No matter desc the table from which components trino, hive or spark, it just show its own correct timestamp, that is be OK: timestampz show diff components: trino: timestamp(6) with time zone hive: timestamp with local time zone spark: timestamp
before insert: trino:
trino> use iceberg.icebergtest;
USE
trino:icebergtest> create table testtrino1(t timestamp(6) with time zone);
CREATE TABLE
trino:icebergtest> desc testtrino1;
Column | Type | Extra | Comment
--------+-----------------------------+-------+---------
t | timestamp(6) with time zone | |
(1 row)
Query 20220414_092325_00004_ub3iy, FINISHED, 1 node
Splits: 11 total, 11 done (100.00%)
0.80 [1 rows, 87B] [1 rows/s, 109B/s]
hive:
0: jdbc:hive2://host-10-1-242-30:2181,host-10> desc testtrino1;
INFO : Compiling command(queryId=hive_20220414172439_21853d93-d352-4f0c-afd6-5ff4ef4c8f15): desc testtrino1
INFO : Concurrency mode is disabled, not creating a lock manager
INFO : Semantic Analysis Completed (retrial = false)
INFO : Returning Hive schema: Schema(fieldSchemas:[FieldSchema(name:col_name, type:string, comment:from deserializer), FieldSchema(name:data_type, type:string, comment:from deserializer), FieldSchema(name:comment, type:string, comment:from deserializer)], properties:null)

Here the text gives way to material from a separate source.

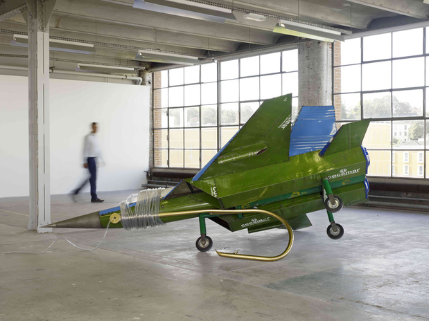Mircea Cantor, Fishing Fly, 2011 Barils de pétrole, acier, inox, altuglass, pvc — 202 × 405 × 340 cm Coproduction Yvon Lambert / le Crédac Courtesy Mircea Cantor et Yvon Lambert, Paris — © André Morin / le Crédac

INFO : Completed compiling command(queryId=hive_20220414172439_21853d93-d352-4f0c-afd6-5ff4ef4c8f15); Time taken: 0.059 seconds
INFO : Concurrency mode is disabled, not creating a lock manager
INFO : Executing command(queryId=hive_20220414172439_21853d93-d352-4f0c-afd6-5ff4ef4c8f15): desc testtrino1
INFO : Starting task [Stage-0:DDL] in serial mode
INFO : Completed executing command(queryId=hive_20220414172439_21853d93-d352-4f0c-afd6-5ff4ef4c8f15); Time taken: 0.024 seconds
INFO : OK
INFO : Concurrency mode is disabled, not creating a lock manager
+-----------+---------------------------------+----------+
| col_name | data_type | comment |
+-----------+---------------------------------+----------+
| t | timestamp with local time zone | |
+-----------+---------------------------------+----------+
1 row selected (0.115 seconds)
spark sql:
spark-sql> desc testtrino1;
t timestamp
# Partitioning
Not partitioned
Time taken: 1.002 seconds, Fetched 4 row(s)
after insert: trino:
trino:icebergtest> insert into testtrino1 values (timestamp '2020-01-01 01:10:10');
INSERT: 1 row
Query 20220414_092950_00008_ub3iy, FINISHED, 1 node
Splits: 19 total, 19 done (100.00%)
2.11 [0 rows, 0B] [0 rows/s, 0B/s]
trino:icebergtest> desc testtrino1;
Column | Type | Extra | Comment
--------+-----------------------------+-------+---------
t | timestamp(6) with time zone | |
(1 row)
Query 20220414_092958_00009_ub3iy, FINISHED, 1 node
Splits: 11 total, 11 done (100.00%)
0.62 [1 rows, 88B] [1 rows/s, 143B/s]
hive:
0: jdbc:hive2://host-10-1-242-30:2181,host-10> desc testtrino1;
INFO : Compiling command(queryId=hive_20220414173044_9efe6f66-87fd-4bf5-b51c-5a6c80c29136): desc testtrino1
INFO : Concurrency mode is disabled, not creating a lock manager
INFO : Semantic Analysis Completed (retrial = false)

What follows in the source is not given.